Dieses war der dritte Streich
Doch der vierte folgt zugleich

Den vierten Streich habe ich bereits mit dem Eintrag „Unverhofft – kommt oft“ beschrieben.

An dieser Stelle möchte ich mich herzlichst bei Richi für die unbeschreiblich schönen und intensiven gemeinsamen Momente während der Trilogie bedanken! Diese erste Trilogie wird immer einen sehr wichtigen Moment in meinem Kletter-Leben einnehmen. Danke!
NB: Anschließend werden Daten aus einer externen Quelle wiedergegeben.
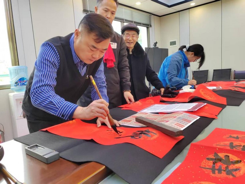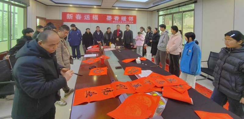 本次活动设置民俗体验区与安全宣讲区两大核心区域,让孩子们在体验传统年俗的同时,收获满满的安全知识。民俗体验区内,两大活动同步开展,热闹非凡。手工灯笼制作区里,手工老师现场授课,细致讲解榫卯结构搭建技巧,手把手协助小朋友搭建灯笼框架、粘贴花草纸、安装灯串与提杆,家长们全程陪同参与,亲子协作间,一个个造型别致的花草纸灯笼逐渐成型,孩子们捧着自己的作品喜笑颜开,这份亲手制作的新年装饰,也成为了小年最特别的纪念。书法家写春联赠居民区域,5名书法家协会成员挥毫泼墨,现场为居民书写春联与福字,大红的宣纸铺展,浓墨的笔触游走,传统吉祥语与铜官文化特色内容跃然纸上,居民们有序挑选心仪的春联内容,接过墨香四溢的春联与福字,脸上洋溢着幸福的笑容,志愿者则在一旁贴心协助整理、晾干春联,让美好祝福顺利传递。

3 Wochen nach meinem Riss-Kletter-Desaster bin ich mit dem jungen Jura-Saurier Chris bereits wieder an der Roggenfluh. Es ist eiskalt, das Thermometer zeigt 2 Grad an. Das ist so richtiges Saurier-Wetter! Zusammen klettern wir mit eiskalten Fingern und Zehen durch „Rumpelstilzchen“ und erfrieren beinahe in „Ricchi è Poveri“. Bei „Ricchi è Poveri“ muss ich lernen, dass der Kamin äusserst elegant links umgangen werden kann. Trotzdem bin ich froh, dass ich diesen Kamin geklettert habe, denn ich habe eine Strafe abgeklettert und nun ist mein Leben noch etwas leichter. Der Schlingenstand ist einfach ein Schlingenstand und da muss man einfach durch. Auf dem Nachhauseweg von der Roggenfluh durch das Mittelland auf der immerwährend rauschenden A1 lacht uns die Egerkinger Platte an. Chris sagt: "Eigentlich könnten wir ja jetzt noch eine Route an der Egerkinger Platte klettern". Und ich antworte sofort: "Ja, dann fahren wir jetzt dorthin und machen das jetzt". Wir klettern kurzerhand noch die „Gelbe“, zusätzliche 160 Klettermeter. Fun pur und eine astreine One-Day-Trilogie! Einmal mehr durfte ich unglaublich viel Spass und Freude zusammen mit Chris an einem grauen und sehr kalten Samstagnachmittag erleben. Es wird wahrscheinlich der einzige Moment im ganzen Leben der Jura-Saurier bleiben, an dem alles für eine gemeinsame Kletterei an der Egerkinger Platte zusammenpasste. Chris, herzlichen Dank für dieses ganz spezielle Abenteuer!